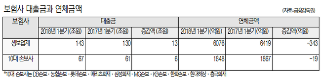 20일 금융감독원에 따르면 지난 1분기 국내 23개 생명보험사의 대출채권은 143조원으로 전년 동기(130조원)에 비해 10% 늘어난 반면 1분기 연체금액은 6076억원으로 전년 동기(6419억)원에 비해 5% 감소했다. 손해보험사도 대출채권은 같은 기간 61조원에서 67조원으로 10% 증가했으나, 연체금액은 1867억원에서 1848억원으로 1% 감소했다.
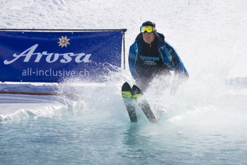 Ein grosses Spektakel bot am Nachmittag der abschliessende Waterslide Contest. Mehr oder weniger elegant glitten die Teilnehmer auf Skis über ein Wasserbecken und manch einer beendete diese Disziplin platschnass. Für den abenteuerlichsten Wasser-Ritt wurde Urs Lehmann mit dem Disziplinsieg belohnt.
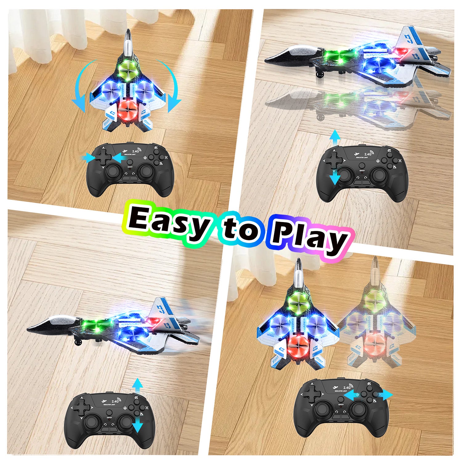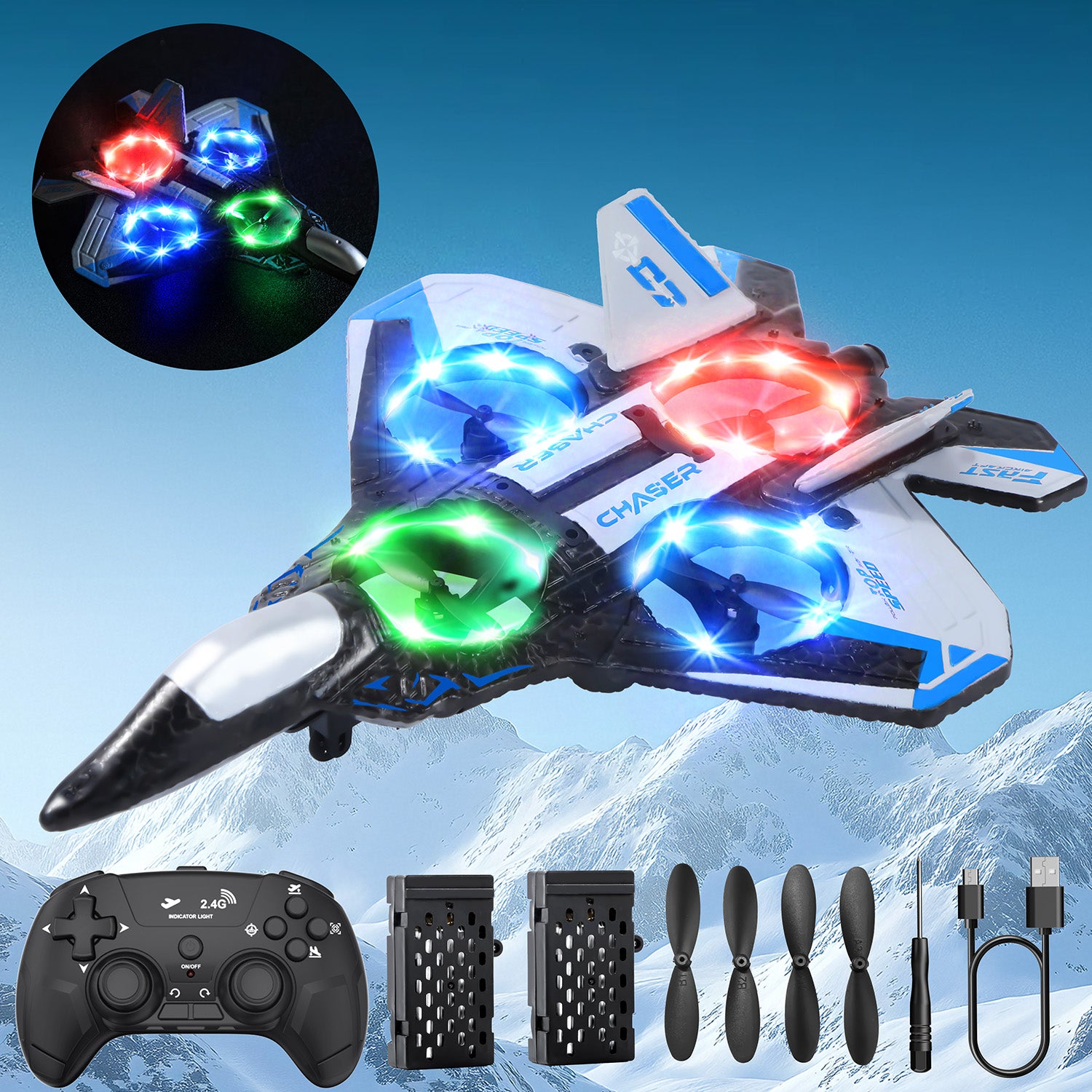 - Cool LED Lights - The remote-controlled airplane is equipped with built-in LED lights, making it perfect for night flights. The dazzling lights add fun and excitement to the flight experience of the remote-controlled drone, creating an unforgettable flight performance.
:::
EXERCISE BRIEF>
Everything in the material above should be reproduced exactly, except the pictures.

ANSWER TO THIS PROBLEM>
 20일 금융감독원에 따르면 지난 1분기 국내 23개 생명보험사의 대출채권은 143조원으로 전년 동기(130조원)에 비해 10% 늘어난 반면 1분기 연체금액은 6076억원으로 전년 동기(6419억)원에 비해 5% 감소했다. 손해보험사도 대출채권은 같은 기간 61조원에서 67조원으로 10% 증가했으나, 연체금액은 1867억원에서 1848억원으로 1% 감소했다.
 Ein grosses Spektakel bot am Nachmittag der abschliessende Waterslide Contest. Mehr oder weniger elegant glitten die Teilnehmer auf Skis über ein Wasserbecken und manch einer beendete diese Disziplin platschnass. Für den abenteuerlichsten Wasser-Ritt wurde Urs Lehmann mit dem Disziplinsieg belohnt.
 - Cool LED Lights - The remote-controlled airplane is equipped with built-in LED lights, making it perfect for night flights. The dazzling lights add fun and excitement to the flight experience of the remote-controlled drone, creating an unforgettable flight performance.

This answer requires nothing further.